The importance of prayer! Not just prayer, but repetitive prayer! We can pray and pray for something to change, but often times when it does we gradually forget to continue to pray for it. And that is exactly what I did last month. And that is exactly when Satan attacked. Thankfully God has opened my eyes to that, and I am making it my mission to not let that happen again here on the field.

Lastly, God has really opened my eyes to my selfish motives behind this Race. Yes, I believe all the good ones where there too – to grow spiritually closer to God, to help “the least of these”, and to be a disciple as Christ called us to be. However, the idea of traveling around the world was of course something I’ve always desired to do. I would day dream about the beautiful people I would meet, the amazing sites I would see, and being able to check off a great number of things off my bucket list – climb a mountain, work in an orphanage, and even color a map with all the countries I’ve been in.

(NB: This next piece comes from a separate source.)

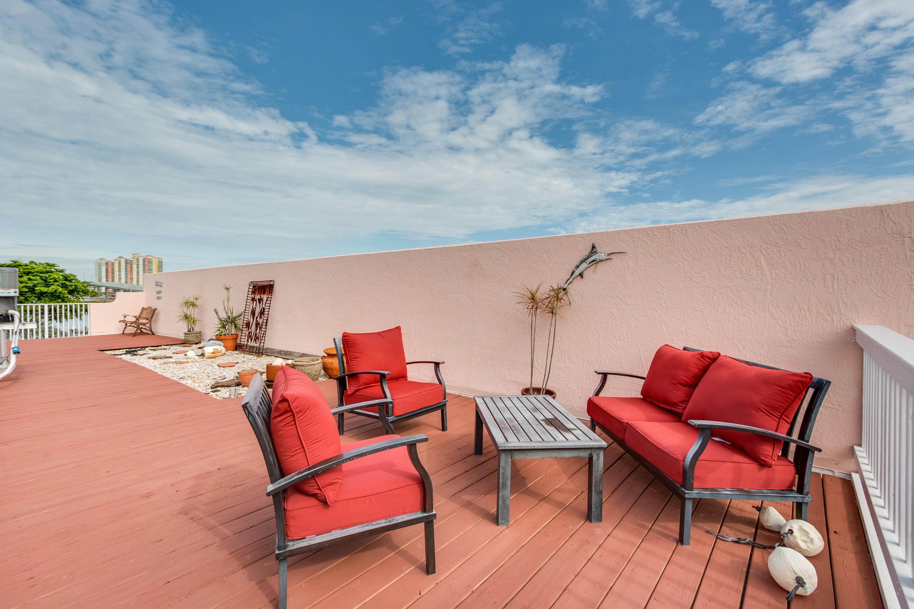 This unique townhouse has it all: offered fully furnished, open floor concept, one car garage, full hurricane protection and two patio areas of which one is on the rooftop, featuring beautiful waterfront views. The neutral colors, interior laundry, and bright sunlight throughout make this the perfect place to call home. The home is located between the beautiful beaches of Palm Beach Shores and the Intracoastal water way. Come watch the boats go by as you relax and barbecue on your rooftop patio.

I was ready and prepared for all the great and amazing things God had in store for me, but was I really ready for the hard times? For the times I went without sleep or had my sleep interrupted multiple times a night? For the stares, laughs, and rude comments? Living in community TWENTY-FOUR SEVEN? And more than anything the struggle and fight it would be to have time with God everyday?

After my month in India my heart was hardened towards it. But as time has gone by God has began to open my eyes to things and lessons He had for me there. I have this feeling God is preparing my heart for something – I don’t know what exactly, but it definitely involves me and India. Could it be God wants to bring me back there to let me experience India in a different light? Or to get involved in a ministry there? I have no idea.. but all I know is if God asked me two weeks ago if I would go back I would throw a fit saying, “I don’t want to go back!”, but now.. even if it’s not the most appealing thing to me.. I have to say I would be much more willing.

I guess my point behind this whole rambling session is that God will bring us places, or put us in certain situations that we aren’t thrilled with, but there is always a reason. God let me experience bonding with my team I don’t think I would have experienced if the situation was different. God showed me the love and hard work of the nine little boys at the youth hostel in the church we stayed at. And more then that God gave me the opportunity to let go of struggles I’ve dealt with a majority of my life.

And we know that for those who love God all things work together for good, for those who are called according tot his purpose. -Romans 8:28

So thank you God for my month in India. Thank you to my team, Unfading Adornment, who supported and loved me through that tough month. Thank you to everyone back home who even if they knew I was struggling or not was there to encourage me and lift me up. I have no doubt that good came from last month, and even better things are to come in the future!